Building an AI story app is often framed as a prompt engineering exercise. The reality is different. When I started building Inky, my multi-agent storytelling engine, I realized quickly that the LLM is the least interesting part of the stack. The challenge isn't getting the AI to write; the challenge is building a system that maintains state, enforces narrative logic, and scales without turning into a token-burning mess.
I am building Inky in public as part of my multi-product studio. This isn't a side project; it is a testbed for agentic engineering—the practice of using AI as the operating layer of a product rather than just a feature. Here is how the system is architected and what I have learned the hard way while shipping today.
The Architecture of a Narrative Engine
Most people building an AI story app start with a single prompt. They ask a model to "write a story about a cat." This works for a paragraph, but it fails for a novel.
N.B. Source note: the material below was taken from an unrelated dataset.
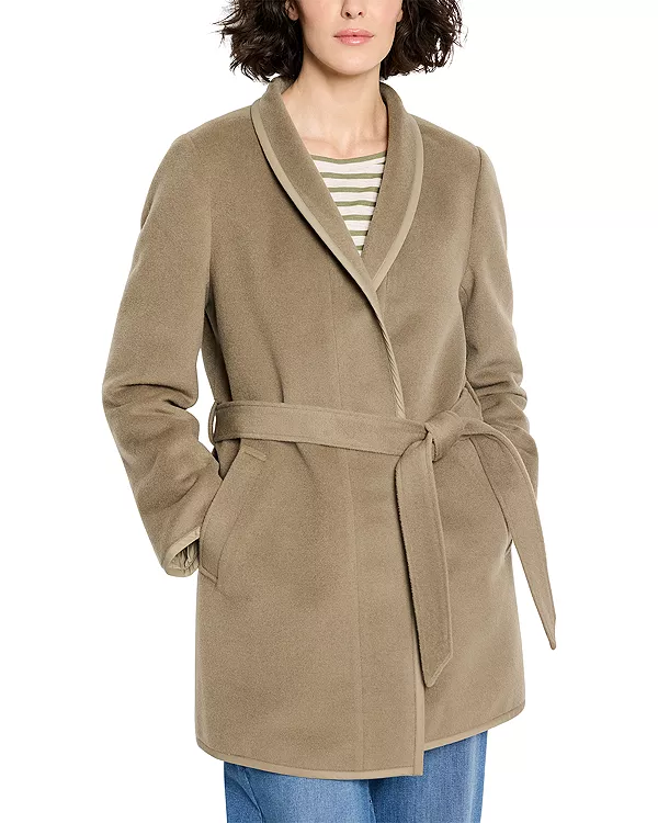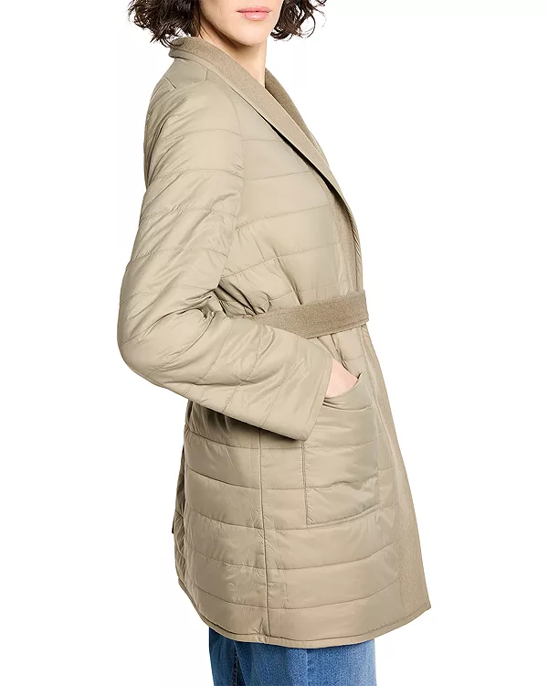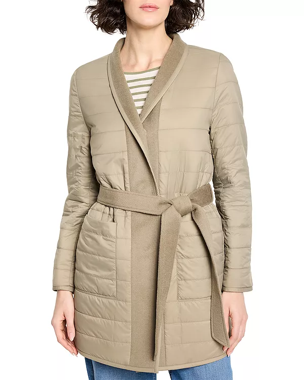 Особенности: Воротник-шаль Длинные рукава Застежка на кнопки спереди С одной стороны стеганая, с другой - шерстяная ткань Завязка на талии Прорезные карманы со стороны шерстяной ткани, накладные карманы со стеганой стороны Стеганая сторона ветрозащитная, водоотталкивающая и дышащая На подкладке Импортный товар

To build something durable, you have to move away from the chat interface and toward a structured system of agents.
Inky runs on a monorepo architecture. I use a custom agent orchestration layer I built called VERA. VERA doesn't just send prompts; it manages the lifecycle of a story through a series of specialized agents.
The Agentic Pipeline
Instead of one model doing everything, Inky uses four distinct agents:
- The Architect: This agent handles the high-level plot points and world-building rules. It doesn't write prose. It writes the "truth" of the world into a JSON schema.
- The Author: This agent takes the Architect's instructions and generates the narrative. It is constrained by the current state of the world.
- The Editor: This agent reviews the Author's output for consistency. If the Author says a character is wearing a red hat in chapter one and a blue hat in chapter two without explanation, the Editor flags it.
- The Archivist: This agent manages the long-term memory. It summarizes previous chapters and updates the global state to ensure the context window doesn't overflow.
By separating these concerns, I can swap models for different tasks. I might use Claude 3.5 Sonnet for the Author because of its creative nuance, while using a faster, cheaper model for the Archivist's summarization tasks. This is the core of agentic engineering: picking the right tool for the specific sub-task.